But the court orders did not bring a halt to attempts by the defendants to put assets beyond the reach of the receiver or the court. A few weeks later, Keller, through new counsel, directed the First Hawaiian Bank to transmit $20,000 from his accounts to California. The receiver further learned that SPLL had breached the terms of the preliminary injunction, as well as the order of a bankruptcy court in California, with respect to the collection and disposition of moneys. Armed with this information, the receiver moved the circuit court on February 14, 1985 for an order directing the defendants “to account for the custody, disposition, identity, and location of all funds and other assets held in their names” from October 12, 1984, the date of the restraining order, and to deposit all of their funds and assets in Hawaii with the clerk of the court. The requested relief was granted on March 4, 1985 after briefing *614and argument.
But no accounting in the form ordered by the court was provided by the corporate defendants, and no funds were deposited with the clerk of the court. The non-corporate defendants also disclosed nothing; they relied on the Fifth Amendment privilege against self-incrimination in refusing to submit an accounting as directed.
The receiver responded in turn with a motion for the entry of judgment in his favor. After hearing the motion, the circuit court ordered the defendants to
show cause, if any they have, why the Court should not, pursuant to Hawaii Rev. Stat. § 603-21.9, strike the defendants’answer, affirmative defenses, and counterclaims, declare that all relevant and material allegations of the Plaintiffs First Amended Complaint are to be taken as true and established for all purposes, and, upon defendants’ failure to show such cause, to thereafter enter judgment, pursuant to Rule 54(b) of the Hawaii Rules of Civil Procedure, against the defendants, and each of them, or under any other rules of court or substantive law or, as requested by plaintiff in plaintiffs motion filed May 3, 1985, because of defendants’ failure to make disclosure of information, file an accounting, and otherwise comply with that certain Order Granting Motion For Accounting And To Require Defendants To Deposit Funds And Assets Subject To The Preliminary Injunction With The Court, filed on May 4, 1985, and any other orders of the Court which have not been abated.

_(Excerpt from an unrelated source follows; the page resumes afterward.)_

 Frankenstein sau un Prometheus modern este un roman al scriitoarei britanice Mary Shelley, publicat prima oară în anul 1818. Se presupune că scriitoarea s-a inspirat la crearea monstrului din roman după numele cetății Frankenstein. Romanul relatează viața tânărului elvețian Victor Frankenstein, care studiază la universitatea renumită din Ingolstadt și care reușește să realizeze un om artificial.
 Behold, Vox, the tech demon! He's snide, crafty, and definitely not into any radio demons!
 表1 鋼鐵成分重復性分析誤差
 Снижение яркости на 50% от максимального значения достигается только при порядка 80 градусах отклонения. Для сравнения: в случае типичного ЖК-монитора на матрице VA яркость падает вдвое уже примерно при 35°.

The corporate and non-corporate defendants filed separate returns to the order to show cause; the tardy response of the corporate defendants consisted of a summary of cash receipts and disbursements, and the non-corporate defendants reiterated their claim that a disclosure of their assets and the transactions following the entry of the restraining order might incriminate them.

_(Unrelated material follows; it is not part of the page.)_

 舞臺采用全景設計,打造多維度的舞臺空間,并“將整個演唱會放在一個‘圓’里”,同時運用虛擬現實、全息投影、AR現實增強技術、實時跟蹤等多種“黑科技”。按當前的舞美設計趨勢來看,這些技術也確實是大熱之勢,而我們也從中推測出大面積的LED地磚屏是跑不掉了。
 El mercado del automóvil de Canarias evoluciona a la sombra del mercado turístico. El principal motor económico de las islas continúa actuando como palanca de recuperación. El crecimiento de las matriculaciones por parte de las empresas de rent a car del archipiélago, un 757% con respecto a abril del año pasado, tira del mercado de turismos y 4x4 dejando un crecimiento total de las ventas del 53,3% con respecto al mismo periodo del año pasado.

After reviewing the evidence presented by the parties at the show-cause hearing and the earlier hearing on the motion for preliminary injunction, the circuit court entered extensive and detailed findings of fact. The court found, inter alia, that “[t]he actions taken by the defendants violate[d the] injunctions”; it further found the violations “would permit the defendants to. conceal or dispose of the monies and other assets the equitable ownership of which is the subject of this action and destroy the Court’s ability to grant effective relief.” In the court’s view the accounting submitted on behalf of SPLL showed transfers in viola*615tion of its orders, that filed on behalf of another Keller corporation failed to account for certain property and income, and that filed on behalf of the other corporate defendants was “woefully inadequate,” “lack[ing in] credibility,” and did not demonstrate “good faith compliance” with the order for accounting. And it decided the non-corporate defendants “produced no evidence that they [were] confronted by any substantial and real hazard of prosecution unrelated to the defendants’ own conduct in this litigation.”
Since “the misappropriation of FSIC’s assets, the retention of property in violation of fiduciary duties, and a constructive trust upon the property in the defendants’ names [were] at issue,” the circuit court concluded “the identity and location of such property [was] central, if not essential, to the rightful decision of the cause and . . . vital to the adjudicative process.” It decided, after “balancing the equities” and “considering the defendants’ bad faith with respect to the Court’s injunctions and orders,” that “it [was] just and equitable to strike” the substantive portions of the defendants’ pleadings, declare the relevant and material allegations of the plaintiffs complaint as having been established, and enter judgment against the defendants. The circuit court therefore entered judgment in the sum of $8,000,000 against Keller and SPLL on Count I of the complaint and in the combined sum of $5,308,070.78 against Keller, SPLL, and UIIA on Counts II, HI, and X. And a constructive trust and an equitable lien in favor of the plaintiff on one-half of SPLL’s right, title, and interest in certain Colorado real property were imposed.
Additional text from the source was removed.